### To do
Starting from the line with "EATON VICKERS CG2V-8FM/8GM/8BW/8CW/8FW/8GW-10", please copy exactly every line to the end of the listing, but not the pictures.

### Stored data
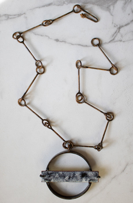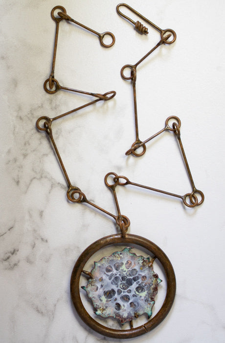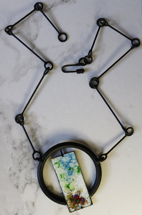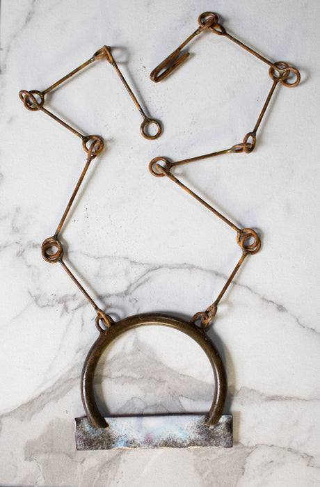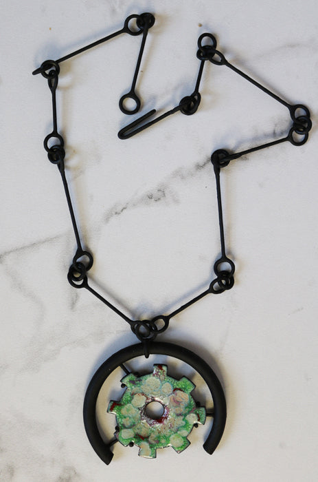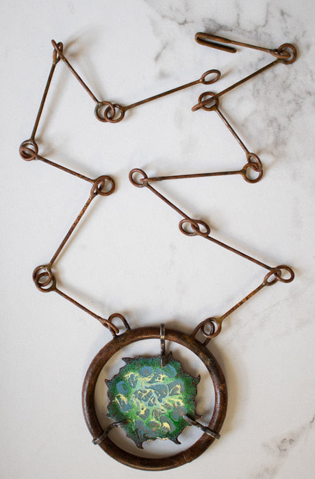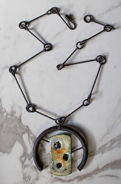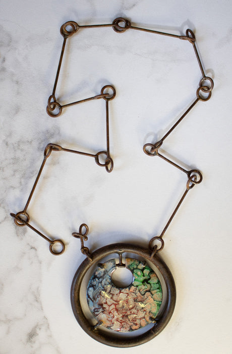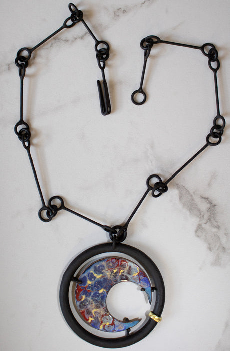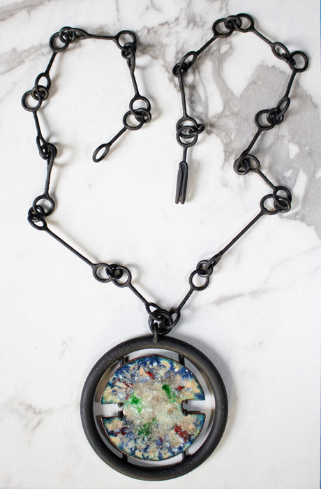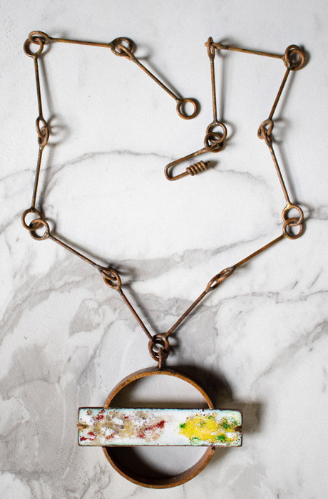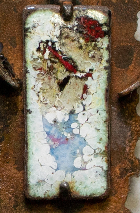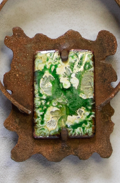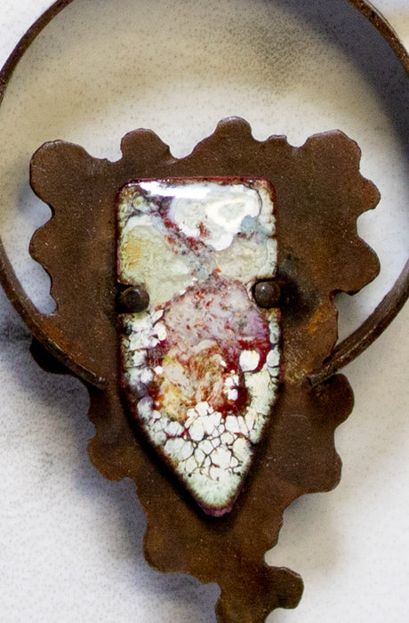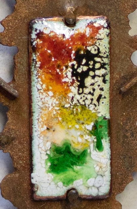 Like medieval reliquaries holding precious religious relics, these pieces of recycled steel protect these colorful enamel abstracts. Each piece a one of a kind done in a style basic and savage, without the refinements of the modern world, appealing directly to our primitive emotions.
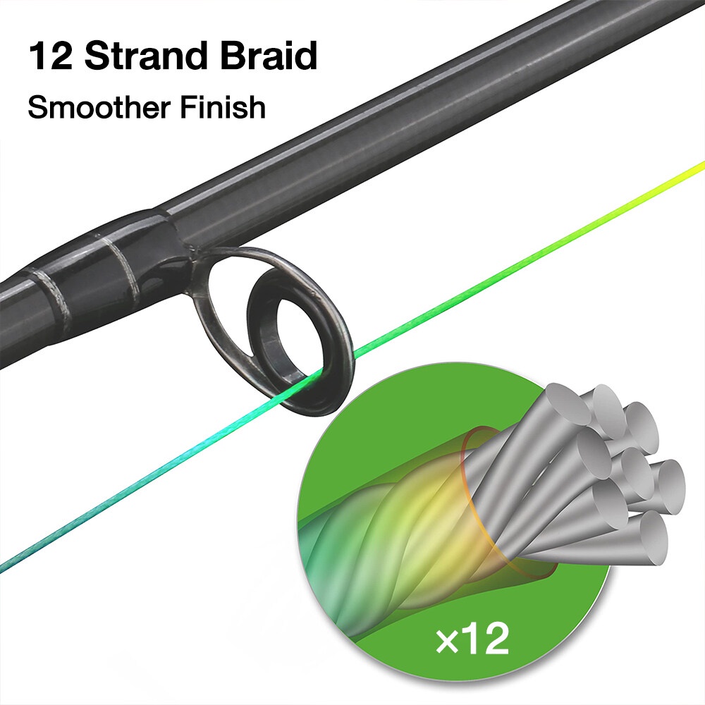 กระบวนการทอที่บางเฉียบและแม่นยำ: การทอที่แม่นยำและเส้นใยคุณภาพสูง: 15-25LB ทำจากเส้นใยที่แข็งแรง 12 เส้นเพื่อพลังที่มากขึ้น โปรไฟล์ที่เล็กลงส่งผลให้การหล่อดีขึ้น ซึ่งทำให้การผูกปมง่ายขึ้นและมีความแข็งแรงมากขึ้น บางพอที่จะตัดผ่านน้ำได้เร็วขึ้น ช่วยให้เหยื่อของคุณไปถึงชั้นน้ำเป้าหมายได้เร็วกว่าที่เคย ไม่มีการหดตัว
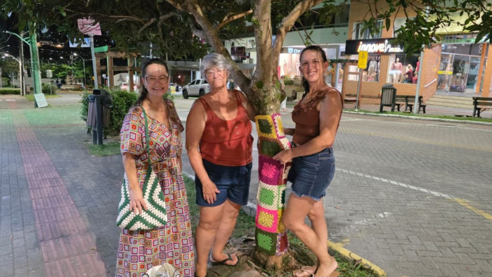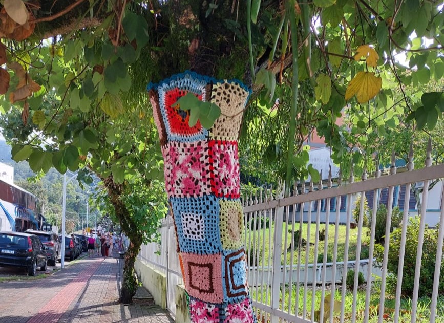 Foto: DECOM/PMG O projeto Crochê nas Árvores começou a ganhar forma em Gravatal e já chama a atenção de moradores e turistas na região das Termas. Após dois dias de atividades na última semana, o grupo retomou os trabalhos nesta terça-feira (31), dando continuidade ao revestimento dos troncos com peças confeccionadas por integrantes dos Grupos de Mulheres coordenados pela Secretaria de Assistência Social.
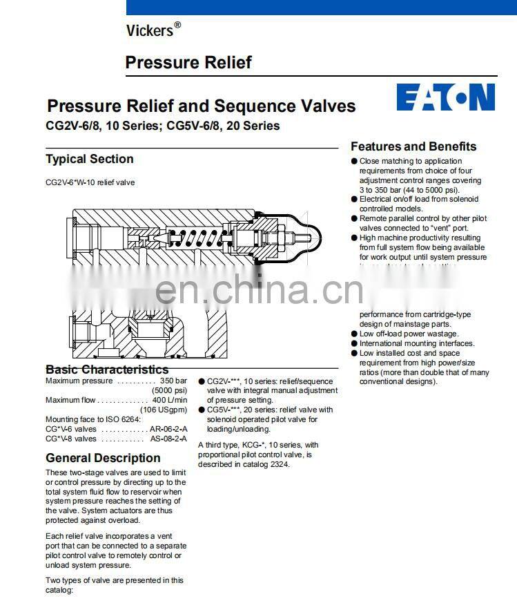 EATON VICKERS CG2V-8FM/8GM/8BW/8CW/8FW/8GW-10 Hydraulic Valve
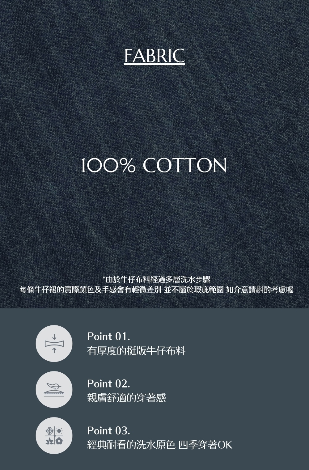 ⋄ 有厚度的挺版親膚牛仔布料
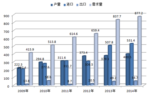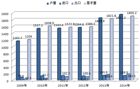 2009-2014年中國汽車自動變速器供求平衡統計(萬臺)

### Answer box
 EATON VICKERS CG2V-8FM/8GM/8BW/8CW/8FW/8GW-10 Hydraulic Valve
 ⋄ 有厚度的挺版親膚牛仔布料
 2009-2014年中國汽車自動變速器供求平衡統計(萬臺)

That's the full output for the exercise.